# Required action
A faithful copy of all the records is needed, with the pictures omitted.
BEGIN Provided data
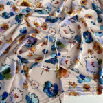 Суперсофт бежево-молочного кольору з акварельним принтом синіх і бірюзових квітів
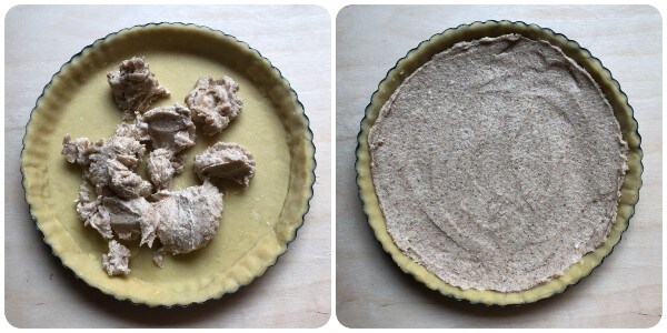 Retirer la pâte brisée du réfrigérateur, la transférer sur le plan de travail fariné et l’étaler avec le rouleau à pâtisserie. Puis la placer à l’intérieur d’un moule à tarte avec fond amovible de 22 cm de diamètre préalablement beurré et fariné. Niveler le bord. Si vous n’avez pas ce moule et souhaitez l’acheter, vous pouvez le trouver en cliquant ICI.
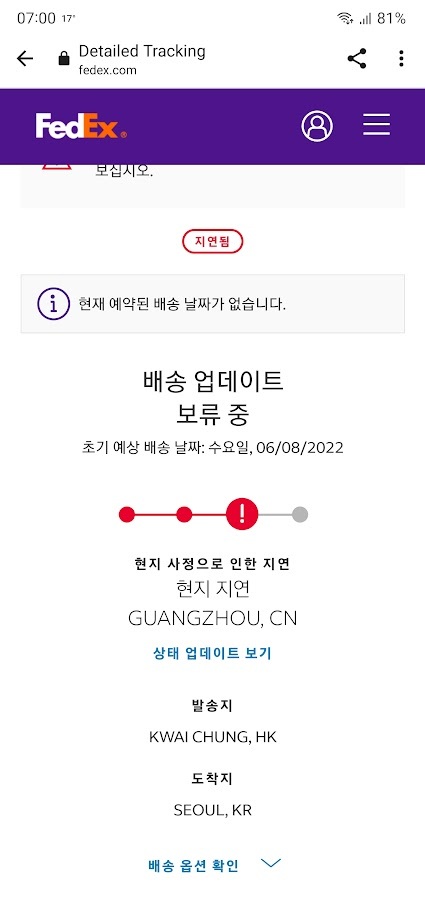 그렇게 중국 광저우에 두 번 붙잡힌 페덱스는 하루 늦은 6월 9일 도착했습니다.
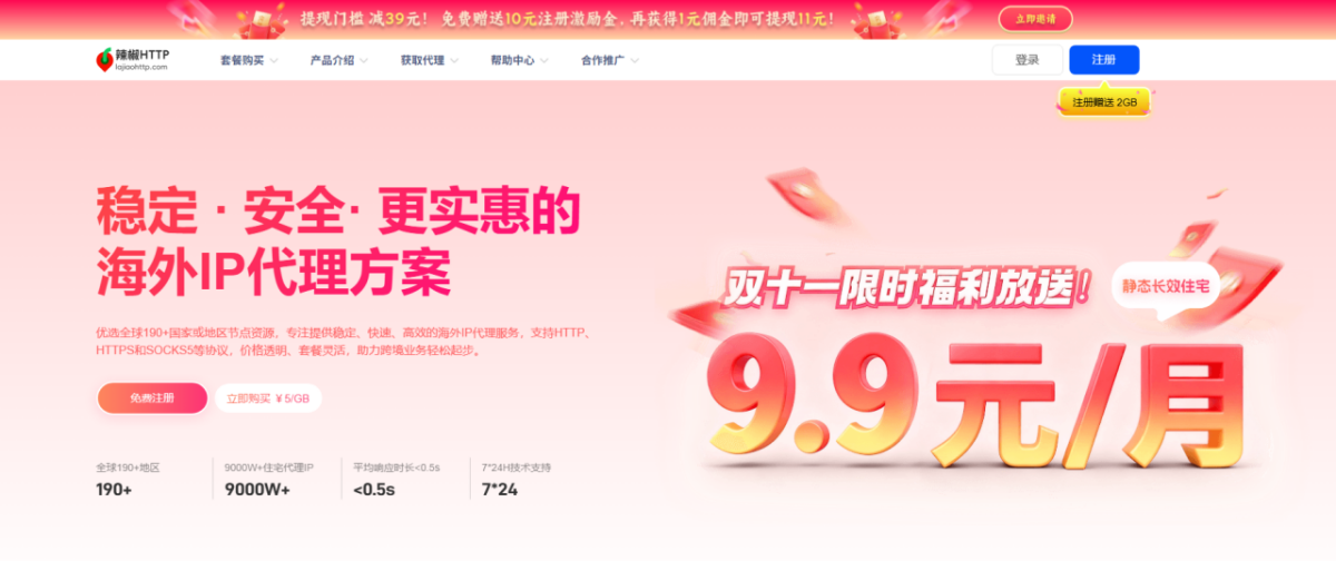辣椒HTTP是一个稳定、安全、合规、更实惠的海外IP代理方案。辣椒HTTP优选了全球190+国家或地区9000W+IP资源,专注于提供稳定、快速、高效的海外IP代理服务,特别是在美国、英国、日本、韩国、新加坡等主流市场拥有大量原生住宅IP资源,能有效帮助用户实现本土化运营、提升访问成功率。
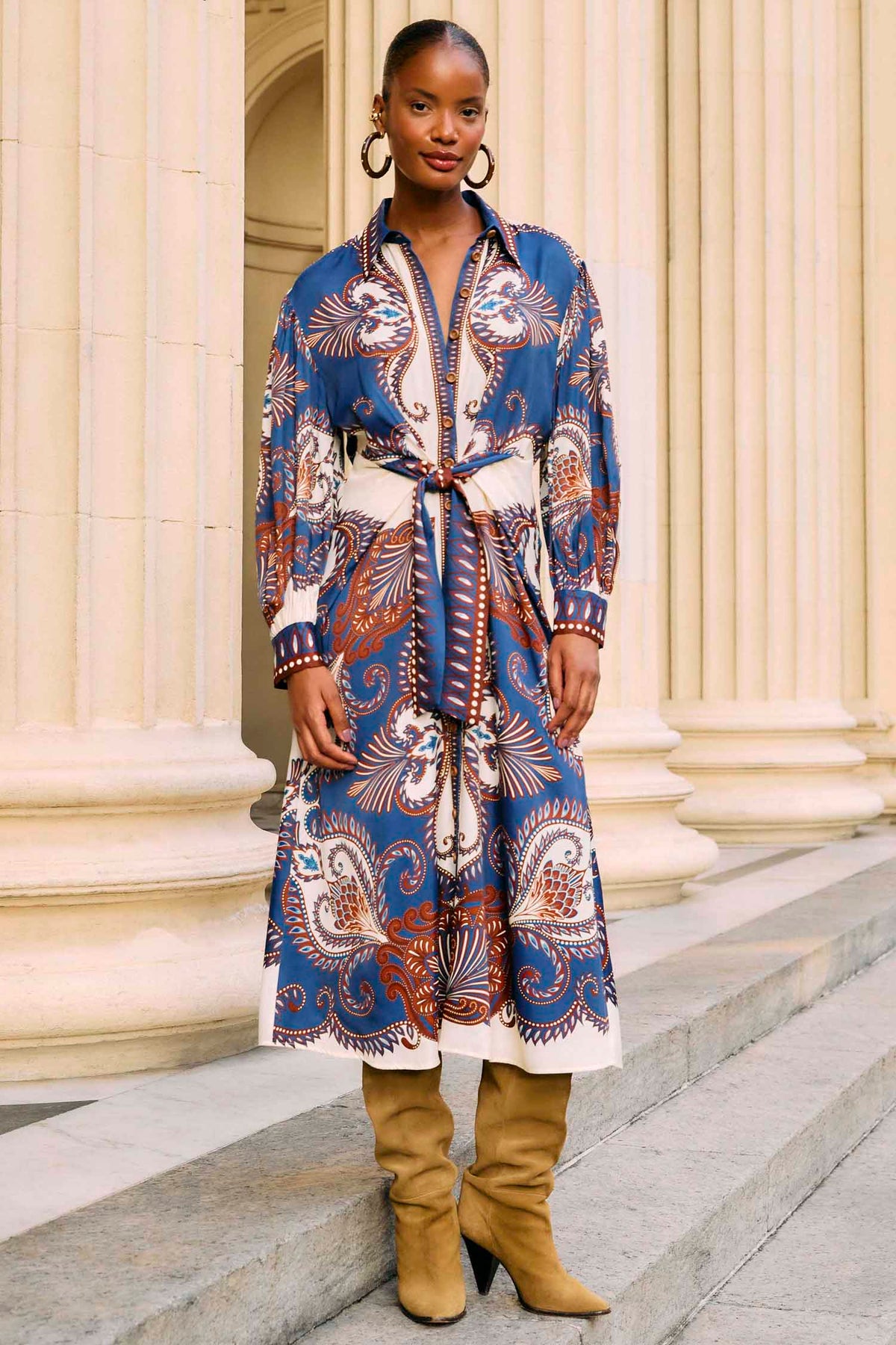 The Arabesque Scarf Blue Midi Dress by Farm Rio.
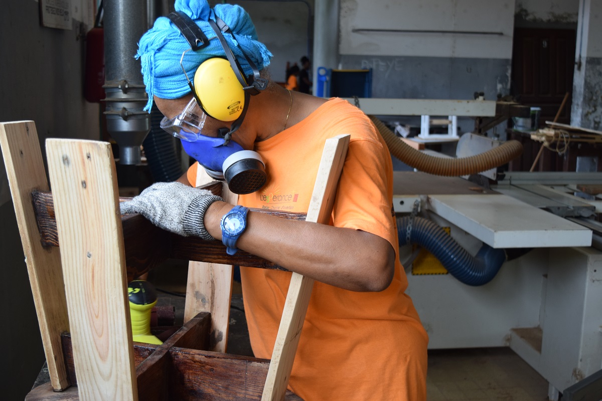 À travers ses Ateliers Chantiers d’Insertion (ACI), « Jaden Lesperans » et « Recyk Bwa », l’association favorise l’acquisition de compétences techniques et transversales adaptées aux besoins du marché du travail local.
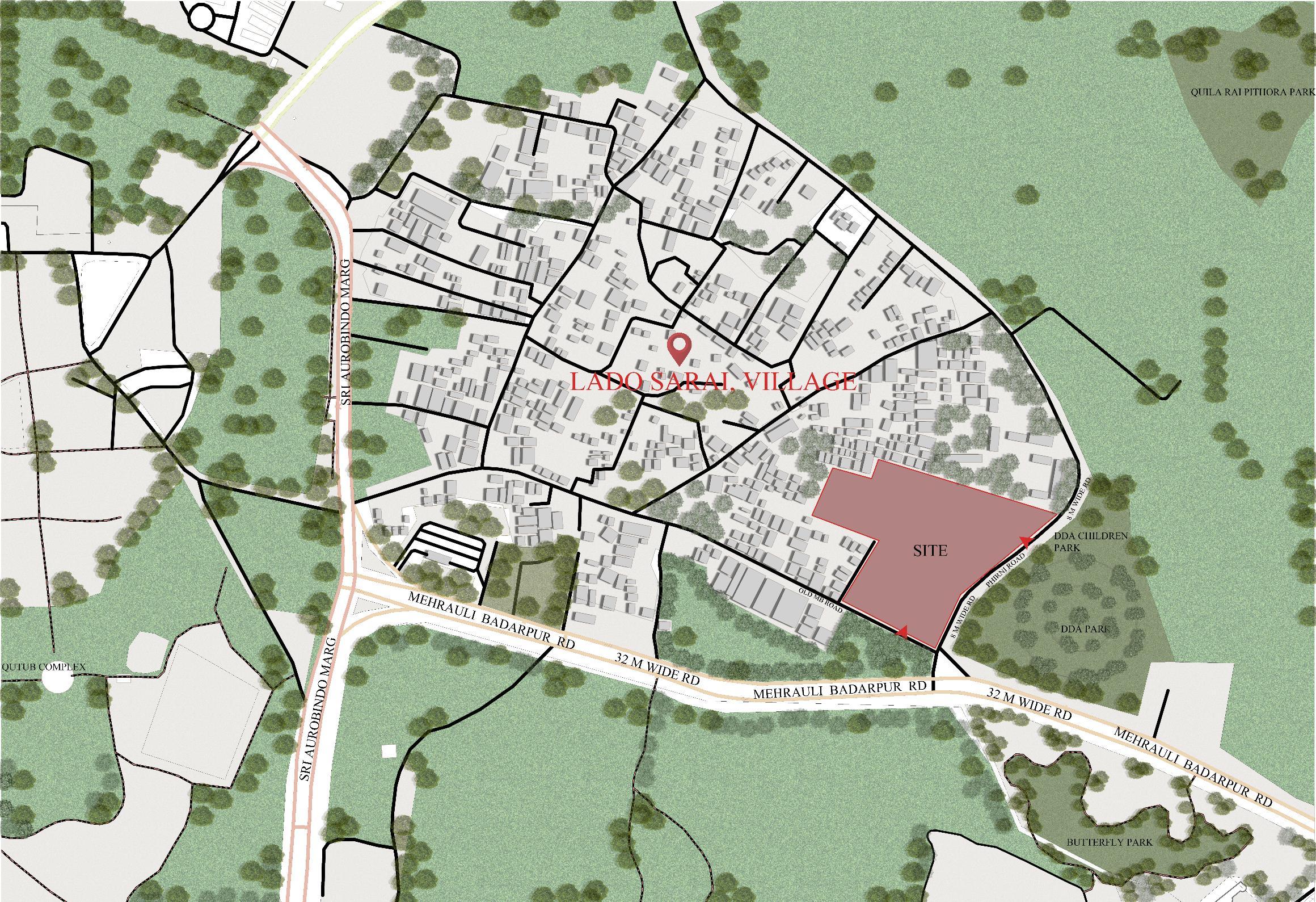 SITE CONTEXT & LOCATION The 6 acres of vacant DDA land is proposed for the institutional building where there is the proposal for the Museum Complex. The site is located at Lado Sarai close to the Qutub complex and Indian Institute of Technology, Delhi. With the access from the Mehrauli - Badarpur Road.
END Provided data
# Response
 Суперсофт бежево-молочного кольору з акварельним принтом синіх і бірюзових квітів
 Retirer la pâte brisée du réfrigérateur, la transférer sur le plan de travail fariné et l’étaler avec le rouleau à pâtisserie. Puis la placer à l’intérieur d’un moule à tarte avec fond amovible de 22 cm de diamètre préalablement beurré et fariné. Niveler le bord. Si vous n’avez pas ce moule et souhaitez l’acheter, vous pouvez le trouver en cliquant ICI.
 그렇게 중국 광저우에 두 번 붙잡힌 페덱스는 하루 늦은 6월 9일 도착했습니다.
辣椒HTTP是一个稳定、安全、合规、更实惠的海外IP代理方案。辣椒HTTP优选了全球190+国家或地区9000W+IP资源,专注于提供稳定、快速、高效的海外IP代理服务,特别是在美国、英国、日本、韩国、新加坡等主流市场拥有大量原生住宅IP资源,能有效帮助用户实现本土化运营、提升访问成功率。
 The Arabesque Scarf Blue Midi Dress by Farm Rio.
 À travers ses Ateliers Chantiers d’Insertion (ACI), « Jaden Lesperans » et « Recyk Bwa », l’association favorise l’acquisition de compétences techniques et transversales adaptées aux besoins du marché du travail local.
 SITE CONTEXT & LOCATION The 6 acres of vacant DDA land is proposed for the institutional building where there is the proposal for the Museum Complex. The site is located at Lado Sarai close to the Qutub complex and Indian Institute of Technology, Delhi. With the access from the Mehrauli - Badarpur Road.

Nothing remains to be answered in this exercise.